■ To do
Every entry needs to be written out again exactly, with its pictures removed.

------------------------

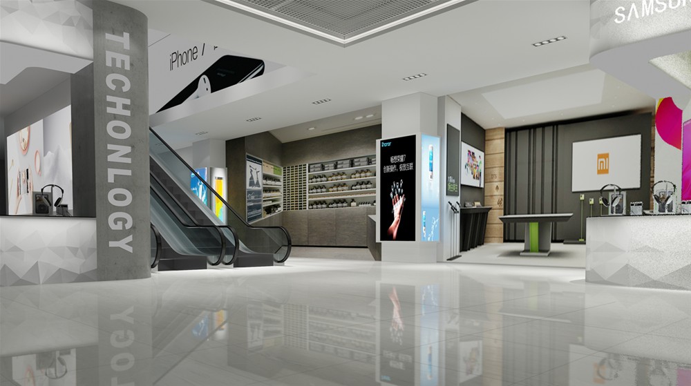 由91看片的免费的网站陶設計師設計的數碼城,以高級灰為主色調,地麵以淺灰色亮麵地磚鋪貼,適當的留白,每個91看片在线观看免费有自己獨立的鋪位,不會感到擁擠,設計上現代感和科技感十足。
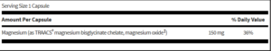 Magnesium is an essential mineral for health, strength, and longevity; it functions as the required bio-inorganic catalyst in over 350 enzyme reactions. 120 capsules.
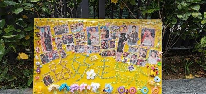 大S住所楼下特设了一面粉丝手工打造的纪念板,板上镌刻着“永别了,但思念常在”的话语,同时汇集了她过往主持《娱乐百分百》的影像以及出演剧作的照片。
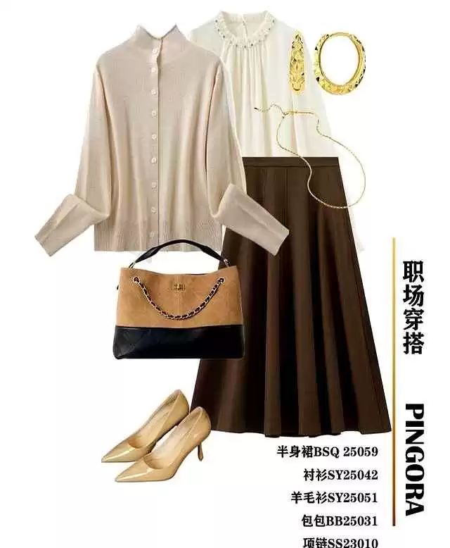 选羊毛开衫,不光图它保暖,更看重那份职场沉稳感;而半裙则能优雅地勾勒身形,得体又大方。
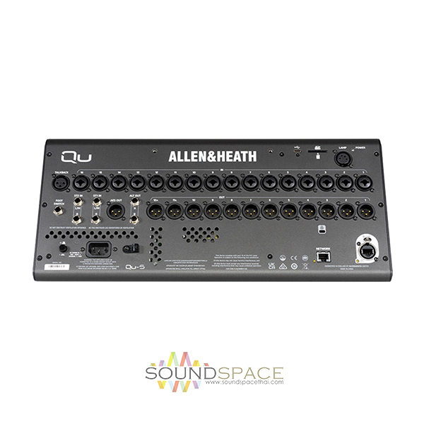 มิกเซอร์ดิจิตอล Allen & Heath Qu-5, 32-channel Digital Mixer, 24-bit/96kHz, with 96kHz XCVI Core, 16 Mic Preamps, 17 Motorized Faders, 7″ Capacitive Touchscreen, and 32-in/32-out USB-C Audio Interface, SLink Port for Remote Audio & Expansion
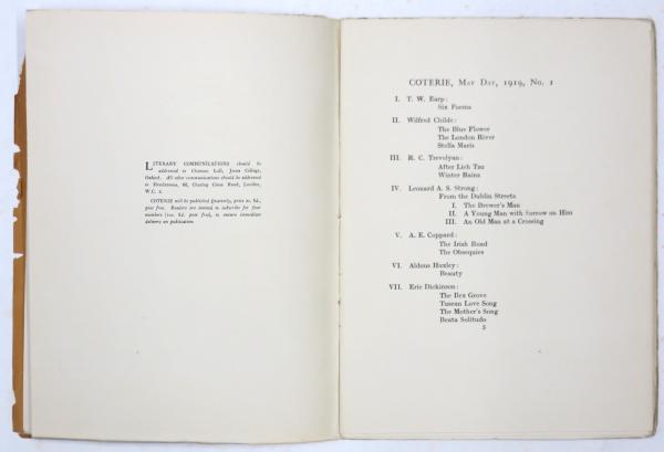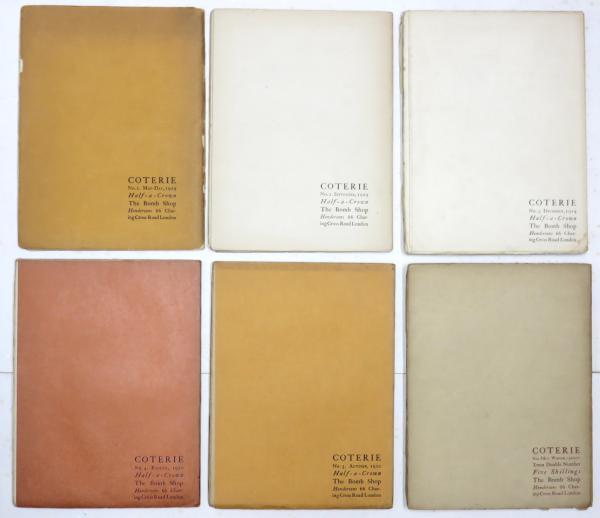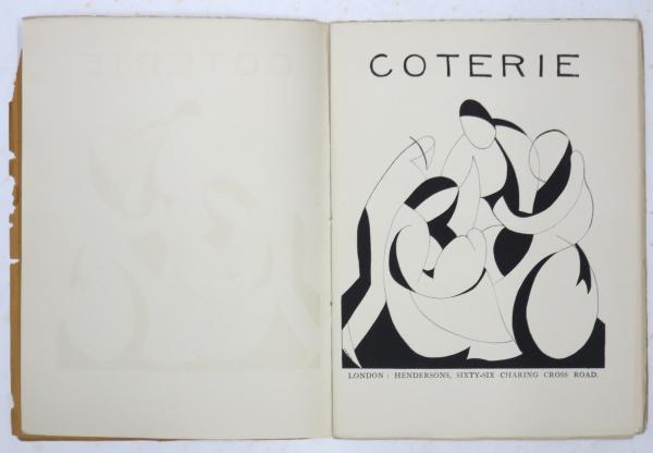 [Coterie] Contributors: Huxley,Conrad Aiken,Aldington,Herbert Read,J. G,Flether,Edith Sitwell,Blunden,Harold Monro,T. S. Eliot,Wilfred Owen,Amy Lowell,Frank Harris,Wilde et al.; Drawings: Walter Sickert,William Rothenstein,Nina Hamnett,Modigliani et al.

------------------------

■ Answer section
 由91看片的免费的网站陶設計師設計的數碼城,以高級灰為主色調,地麵以淺灰色亮麵地磚鋪貼,適當的留白,每個91看片在线观看免费有自己獨立的鋪位,不會感到擁擠,設計上現代感和科技感十足。
 Magnesium is an essential mineral for health, strength, and longevity; it functions as the required bio-inorganic catalyst in over 350 enzyme reactions. 120 capsules.
 大S住所楼下特设了一面粉丝手工打造的纪念板,板上镌刻着“永别了,但思念常在”的话语,同时汇集了她过往主持《娱乐百分百》的影像以及出演剧作的照片。
 选羊毛开衫,不光图它保暖,更看重那份职场沉稳感;而半裙则能优雅地勾勒身形,得体又大方。
 มิกเซอร์ดิจิตอล Allen & Heath Qu-5, 32-channel Digital Mixer, 24-bit/96kHz, with 96kHz XCVI Core, 16 Mic Preamps, 17 Motorized Faders, 7″ Capacitive Touchscreen, and 32-in/32-out USB-C Audio Interface, SLink Port for Remote Audio & Expansion
 [Coterie] Contributors: Huxley,Conrad Aiken,Aldington,Herbert Read,J. G,Flether,Edith Sitwell,Blunden,Harold Monro,T. S. Eliot,Wilfred Owen,Amy Lowell,Frank Harris,Wilde et al.; Drawings: Walter Sickert,William Rothenstein,Nina Hamnett,Modigliani et al.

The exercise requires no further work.